Papers that share the same production platform in LA, including the west coast editions of the Wall Street Journal and New York Times, were also hit.
"We believe the intention of the attack was to disable infrastructure, more specifically servers, as opposed to looking to steal information," a source told the LA Times.
A Tribune Publishing spokeswoman, Marisa Kollias, said the malware affected back-office systems used to publish and produce "newspapers across our properties."
"There is no evidence that customer credit card information or personally identifiable information has been compromised," she said.
In an internal memo, Tribune CEO Justin Dearborn said "workarounds" were created in order to print the affected papers' Saturday editions.
While the publications' websites weren't affected, customer service phone lines and time card systems were offline for some time.
Forbes reports that the malware Tribune Publishing discovered was a version of the Ryuk ransomware family, which is often attributed to the Lazarus Group. The hacking collective is thought to operate out of China but has links to North Korea.

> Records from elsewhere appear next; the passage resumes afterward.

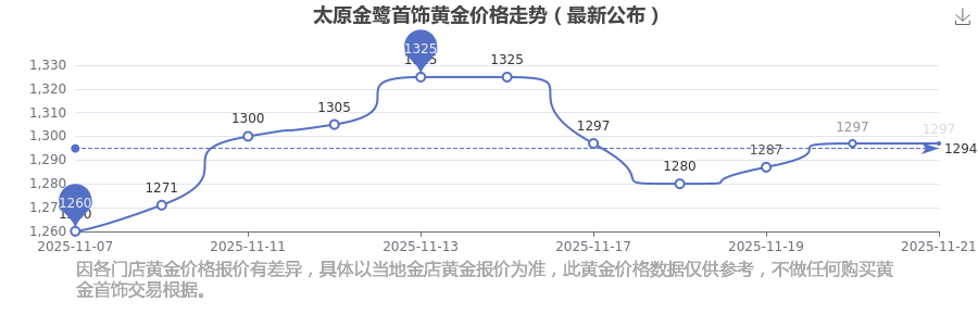 2025年11月22日,太原金鹭首饰黄金价格每克的售卖价位为1297.0元/克。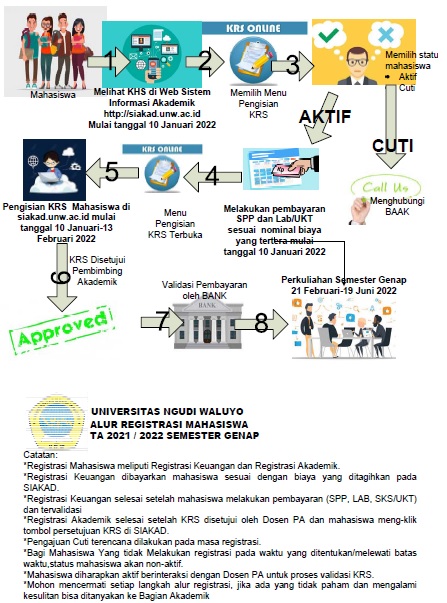 Diberitahukan kepada seluruh mahasiswa Universitas Ngudi Waluyo bahwa Registrasi Administrasi dan Akademik (Pengisian KRS) semester genap TA. 2021/2022 secara online sudah bisa dimulai 21 Januari s/d 13 Februari 2022. Alur Registrasi dapat dilihat di akun masing-masing mahasiswa dan jadwal perkuliahan di tiap program studi dapat di download pada lampiran di bawah ini.Untuk mata kuliah yang tidak ada di penawaran silahkan disampaikan ke ketua program studi masing-masing .Apabila informasi tersebut belum jelas silahkan menghubungi Bagian Akademik masing-masing program studi.Terima kasih.TTD BAAK UNW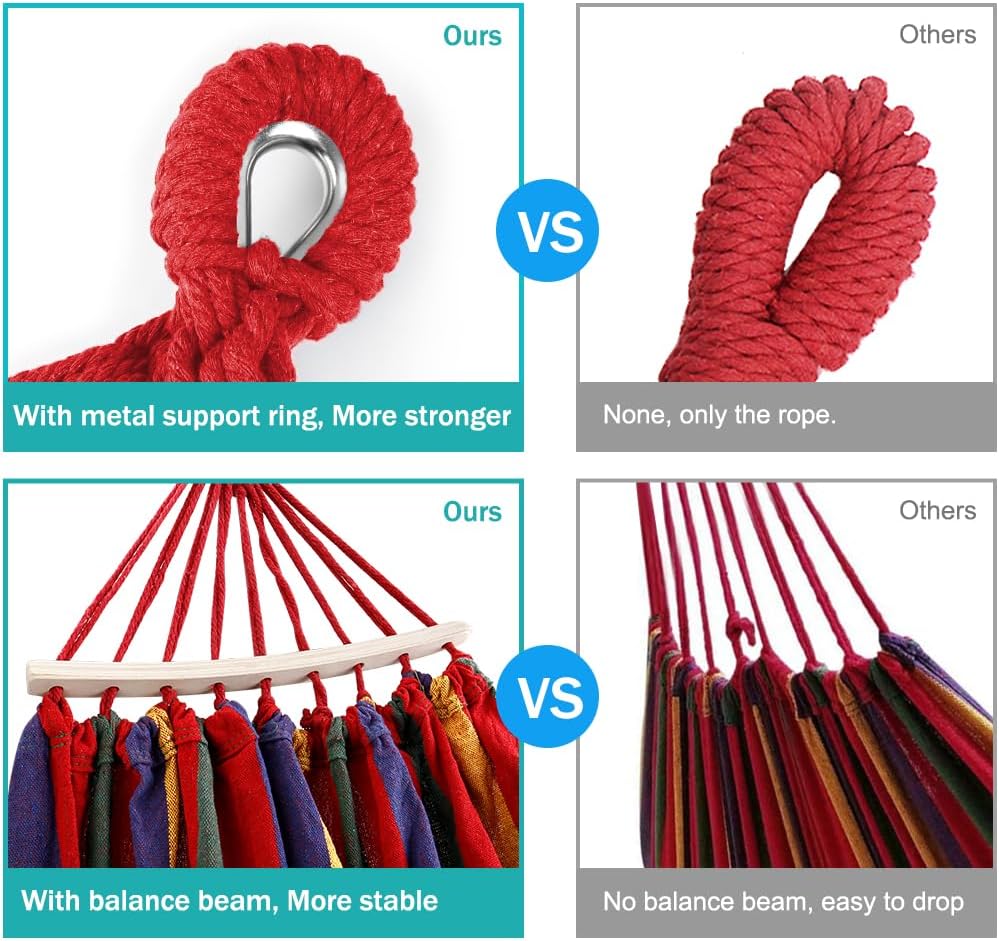The hammock comes equipped with two anti-roll balance beams, ensuring stability while you sway gently in the breeze. The sturdy metal knot tree straps make it easy to set up your hammock wherever you go, whether it’s in the woods while camping, on your patio, or in your backyard.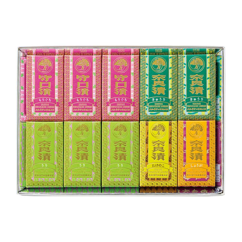 守口漬・瓜奈良漬各17g×3、胡瓜奈良漬17g×2、竹の子奈良漬15g、生姜奈良漬19g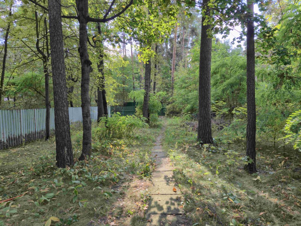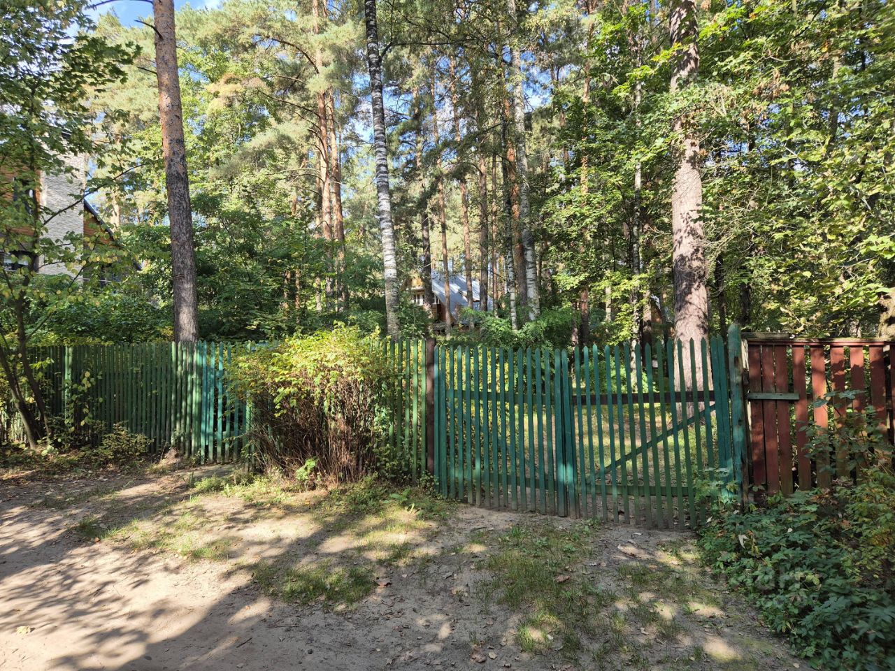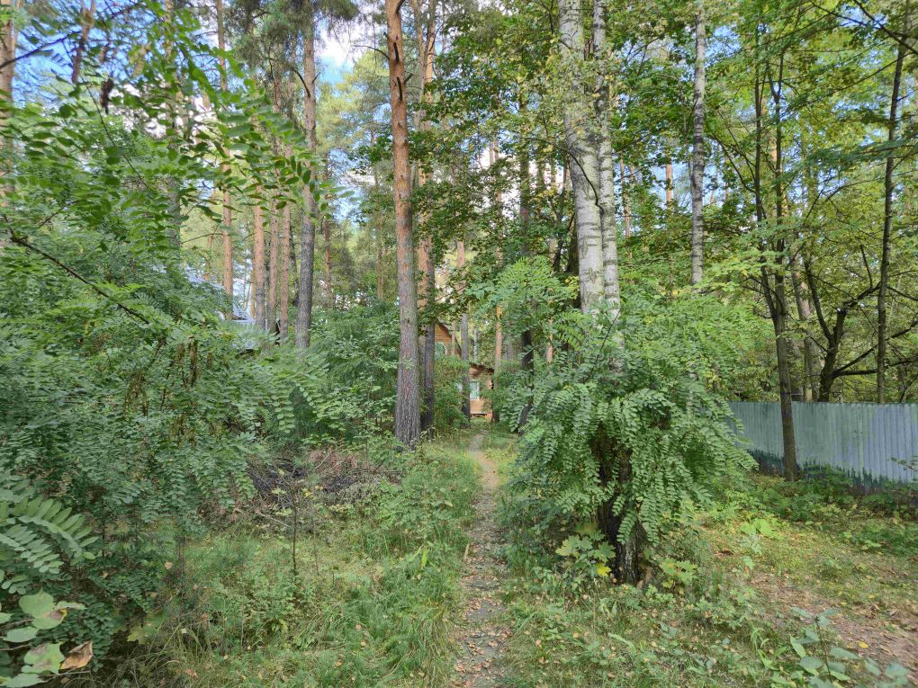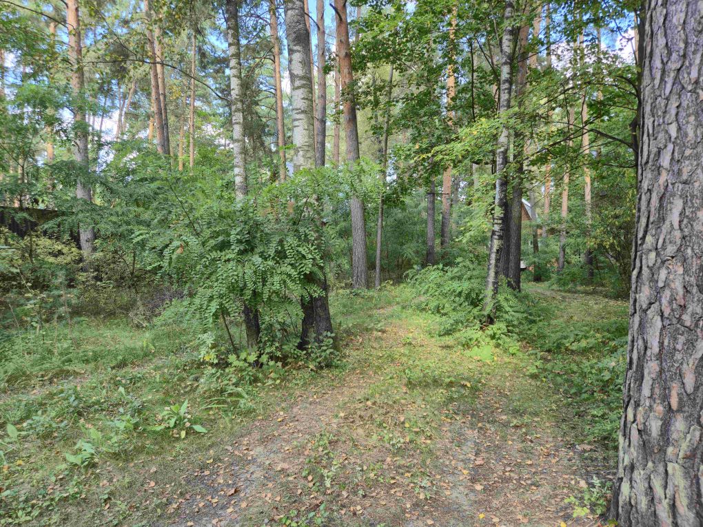 На участке растёт много хвойных деревьев, участок сухой.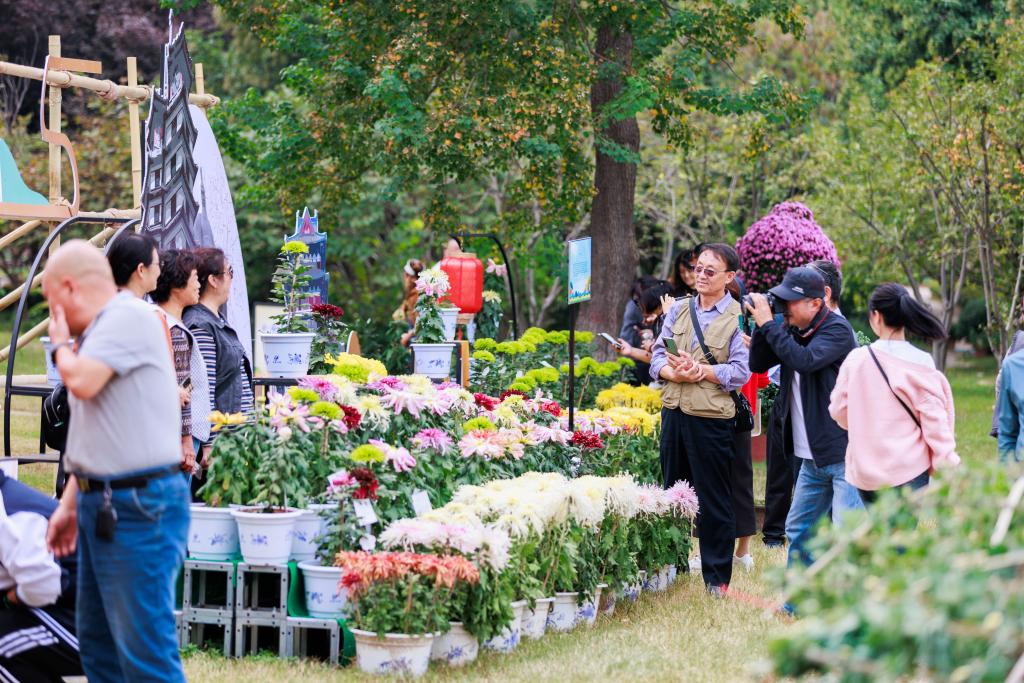 游客在中国开封第41届菊花文化节景区内打卡拍照。(受访单位供图)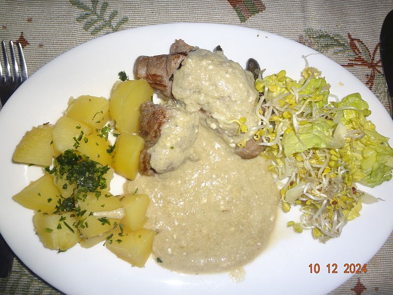 | | Schweine-Rouladen, Sellerie-Soße, Pet.-Kart., Salatherzen mit Sprossen |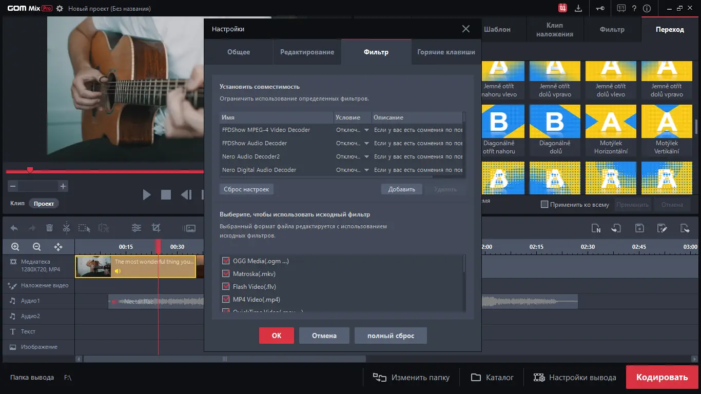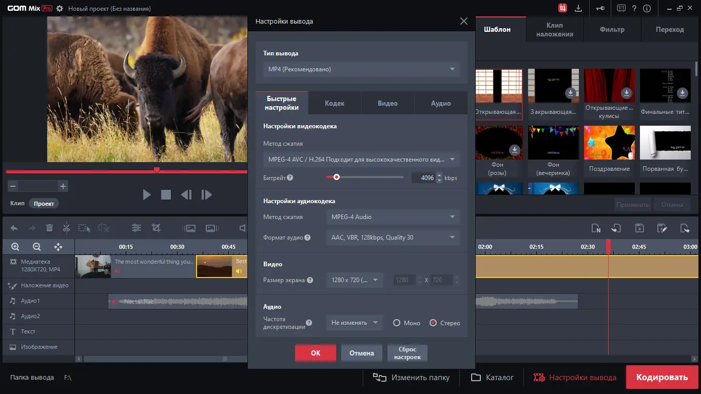 GOM Mix Pro предлагает комплексное решение для редактирования видео с интуитивно понятным интерфейсом и широким набором инструментов. Программа позволяет обрабатывать файлы различных видеоформатов, включая популярные MP4, AVI, MKV, MOV и другие, а также поддерживает изображения и аудиофайлы для комплексного монтажа. Работа с медиа осуществляется через удобную временную шкалу, где можно легко выделять фрагменты, обрезать, вставлять и перемещать элементы. Каждое действие выполняется в несколько кликов, что делает процесс редактирования максимально быстрым и комфортным.

It was behind the 2014 Sony Pictures Hack, the heist on a Bangladeshi bank in 2016, and is widely believed to have been responsible for the WannaCry malware.
The Department of Homeland Security is investigating the matter. "We are aware of reports of a potential cyber incident affecting several news outlets and are working with our government and industry partners to better understand the situation," said a DHS official, in a statement.